#### [Given data]
__________________________________________________

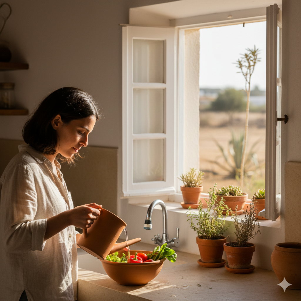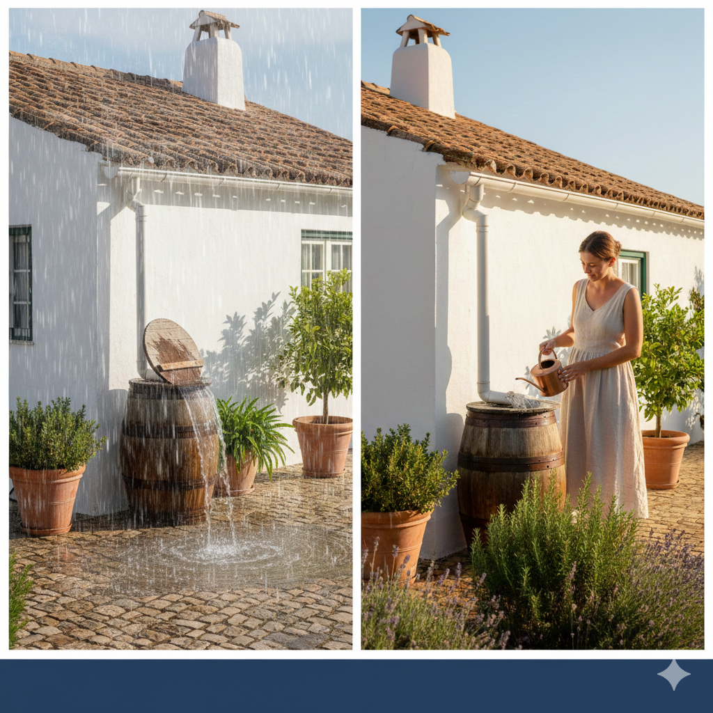 Recolha a água da chuva: Use bidões tradicionais para aproveitar as raras (mas intensas) chuvas de inverno para a rega de verão.
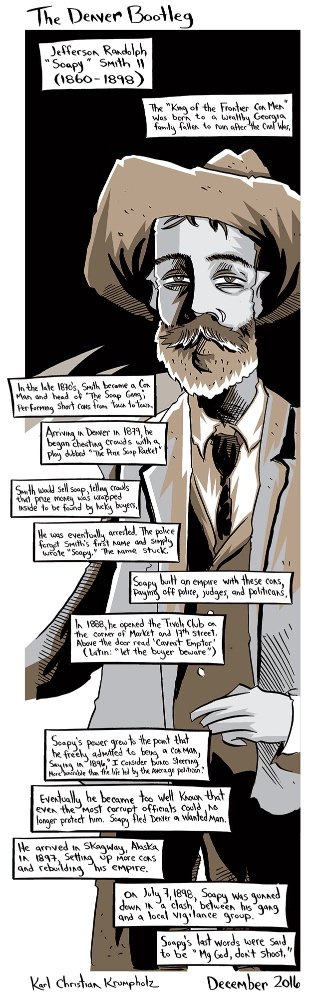 Award-winning cartoonist Karl Christian Krumpholz’s work has appeared in many different publications and even a documentary. He is currently working on two weekly comics: The Denver Bootleg, which examines local musical history for Denver’s Westword, and 30 Miles of Crazy! – the true-ish tales of the various lives in the city. Karl is always looking for a better place to get a drink. His latest comic, An Introduction to Alcohol, compiles a storyline originally featured in 30 Miles of Crazy! and won Best in Show at the 2017 Denver Comic and Arts Expo (DINK). Karl can always be found at karlchristiankrumpholz.com
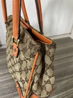 Gucci GG Canvas Leather Handbag Orange Studs Tote 9.1in x 11.8in x 5.1in Used Key Features Gucci Handbag with GG Canvas Pattern - Brand: Gucci - Style: Tote Bag - Exterior Material: Canvas and Leather - Exterior Color: Beige and Orange - Pattern: GG Monogram - Size: Bag Height approximately 9.1 inches, Width approximately 11.8 inches, Depth approximately 5.1 inches - Handle Style: Top handles with a handle height of about 2.4 inches - Features: Studded accents, durable canvas with leather trim - Closure: Open top - Country/Region of Manufacture: Italy - Condition: Used, with minor stains, discoloration, scuffs, and slight wear on interior serial tag; overall good condition and long-lasting use - Accessories: None included - Notes: Please review photos for detailed condition. Slight variations in color may occur due to device display. This vintage item has some signs of use but remains in good condition for continued use. Specifications Brand Gucci Country Japan Product Description Item Title Gucci Handbag Gg Pattern Canvas Leather Orange Studs Payment Supports managed payments Please pay within 5 days after auction is finished. About Us We are located in Japan. It's our pleasure to make you happy by proposing our recommend item. If you have any questions or request about items, please feel free to ask us. International Buyers - Please Note: -Import duties, taxes, and charges are not included in the item price or shipping charges. These charges are the buyer's responsibility. -Please check with your country's customs office to determine what these additional costs will be prior to bidding/buying. -These charges are normally collected by the delivering freight (shipping) company or when you pick the item up - do not confuse them for additional shipping charges. -We do not mark merchandise values below value or mark items as - gifts - The US and International government regulations prohibit such behavior. Thank you for your understanding.
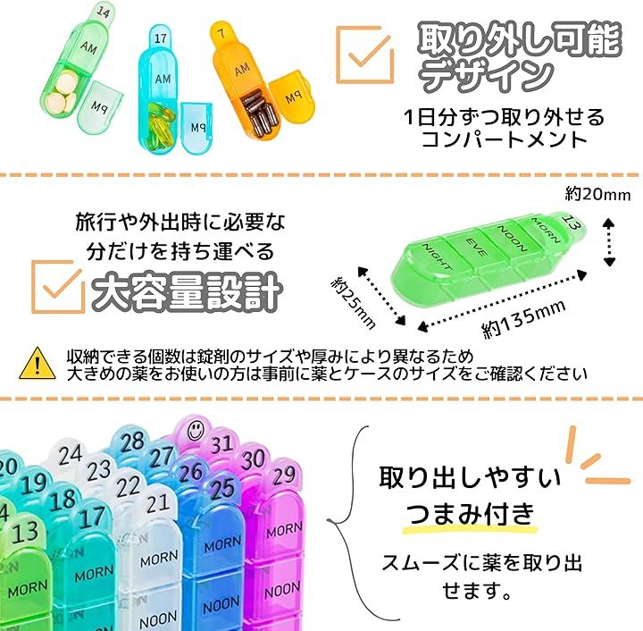 x 本体サイズではなく、1日分ケース寸法と1マス内寸をご確認の上お選びください。

__________________________________________________

#### [Required action]
Copy out the whole listing exactly. Skip its pictures.

#### [Answer section]
 Recolha a água da chuva: Use bidões tradicionais para aproveitar as raras (mas intensas) chuvas de inverno para a rega de verão.
 Award-winning cartoonist Karl Christian Krumpholz’s work has appeared in many different publications and even a documentary. He is currently working on two weekly comics: The Denver Bootleg, which examines local musical history for Denver’s Westword, and 30 Miles of Crazy! – the true-ish tales of the various lives in the city. Karl is always looking for a better place to get a drink. His latest comic, An Introduction to Alcohol, compiles a storyline originally featured in 30 Miles of Crazy! and won Best in Show at the 2017 Denver Comic and Arts Expo (DINK). Karl can always be found at karlchristiankrumpholz.com
 Gucci GG Canvas Leather Handbag Orange Studs Tote 9.1in x 11.8in x 5.1in Used Key Features Gucci Handbag with GG Canvas Pattern - Brand: Gucci - Style: Tote Bag - Exterior Material: Canvas and Leather - Exterior Color: Beige and Orange - Pattern: GG Monogram - Size: Bag Height approximately 9.1 inches, Width approximately 11.8 inches, Depth approximately 5.1 inches - Handle Style: Top handles with a handle height of about 2.4 inches - Features: Studded accents, durable canvas with leather trim - Closure: Open top - Country/Region of Manufacture: Italy - Condition: Used, with minor stains, discoloration, scuffs, and slight wear on interior serial tag; overall good condition and long-lasting use - Accessories: None included - Notes: Please review photos for detailed condition. Slight variations in color may occur due to device display. This vintage item has some signs of use but remains in good condition for continued use. Specifications Brand Gucci Country Japan Product Description Item Title Gucci Handbag Gg Pattern Canvas Leather Orange Studs Payment Supports managed payments Please pay within 5 days after auction is finished. About Us We are located in Japan. It's our pleasure to make you happy by proposing our recommend item. If you have any questions or request about items, please feel free to ask us. International Buyers - Please Note: -Import duties, taxes, and charges are not included in the item price or shipping charges. These charges are the buyer's responsibility. -Please check with your country's customs office to determine what these additional costs will be prior to bidding/buying. -These charges are normally collected by the delivering freight (shipping) company or when you pick the item up - do not confuse them for additional shipping charges. -We do not mark merchandise values below value or mark items as - gifts - The US and International government regulations prohibit such behavior. Thank you for your understanding.
 x 本体サイズではなく、1日分ケース寸法と1マス内寸をご確認の上お選びください。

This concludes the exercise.